Had the change to the Ontap OS been known, I would have made infrastructure changes before the upgrade, rather than having to raise support tickets and now have to make changes to to restore resilience to our infrastructure.

 

I will state that I have been very impressed with the performance of the new all flash NetApps and with the exception of one major bug, the systems have been bullet proof in general operation on our environment for the last year.

 

NetApp have removed a feature called “Fastpath” from Ontap 9.2, this feature stores the interface of each incoming network packet and ensures it goes back out the same interface.  This was originally implemented for performance as it saved the time of checking the routing table. This feature has enabled servers to send storage traffic to any NetApp virtual interface and teh packet would egress from the same interface irrespective of the network infrastructure.

 

During the upgrade to 9.2 we had several outages and lost monitoring from On Command Unified Manager, we restored monitoring by moving OCUM to another subnet but we had to live with some loss of NFS resilience until we had confirmation of the cause..

 

Though each virtual interface still has a profile (data, management, intercluster, etc.) for incoming traffic, the response packet can go out through any interface within the same SVM and now uses the routing table.

 

The loss of monitoring from OCUM was caused by the https responses from polling via the cluster management interface, leaving the NetApp via an intercluster interface, which happened to be on the OCUM server’s subnet.

 

NFS issues were caused by using a NAS interface on the same node as the SVM admin interface, once I realised we moved all servers NFS to the node without the admin interface.

 

A new feature of Ontap 9.2, a tcpdump like command, allowed viewing traffic in wireshark and confirmation of the asymmetric routing from the netapp side.

 

We are now in the process of moving intercluster and admin interfaces to their own subnets.  Hopefully upon completion 9.3 will be GA and we can gain some more space back.
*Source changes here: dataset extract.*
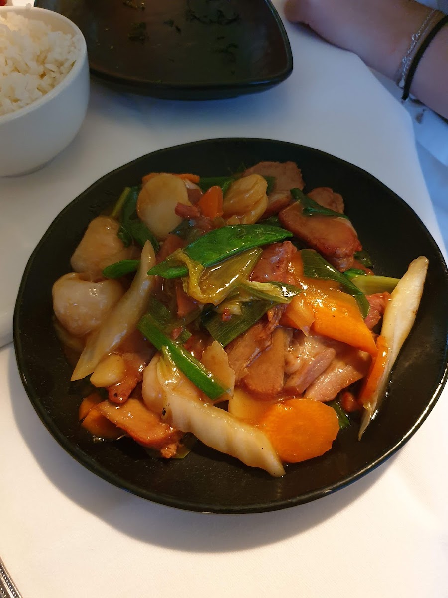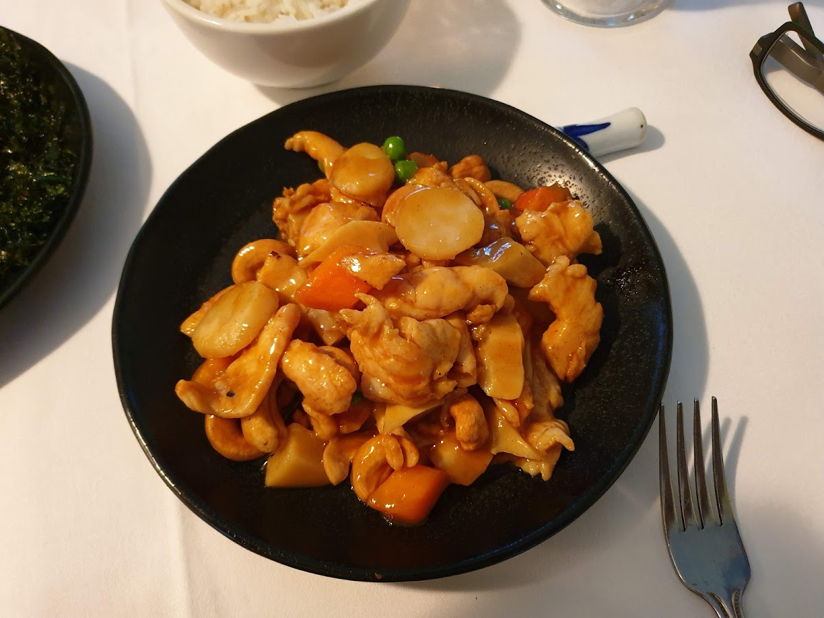 “Very friendly and fast service. We wanted to dine in but the restaurant is under renovation so they were only doing takeaway. We are visiting from the States and I had heard Chinese food is very different in England. So I played it safe and ordered sweet and sour chicken. It was delicious and very much like I have had at home except cleaner and fresher tasting. I should have gotten a side of rice to go with. Hubby got cashew chicken and special fried rice. He didn't love it as much as my choice. The special rice was very good and fresh but we kind of missed the onion, garlic and soy sauce but I'll bet there isn't any other place nearby that does it better. Would gladly go back again. If you are a big eater get an extra entre or side. Good value for the price though. The French music playing in the lobby was fun but the volume was too loud.”

Re: NetApp Ontap 9.2 Upgrade – review your network first

Thanks for the feedback - "network tcpdump" is a much more friendly interface to "pktt", which has been around for many years. We have a KB article about it here - https://kb.netapp.com/app/answers/answer_view/a_id/1029833/

 

Regarding fastpath's removal, it is one of those "features" which blocked some other developments, and through our ActiveIQ telemetry, we were able to see very limited adoption of it. It reminds me of "ip proxy-arp" on some network devices, which enabled systems without correct subnet masks to still work. 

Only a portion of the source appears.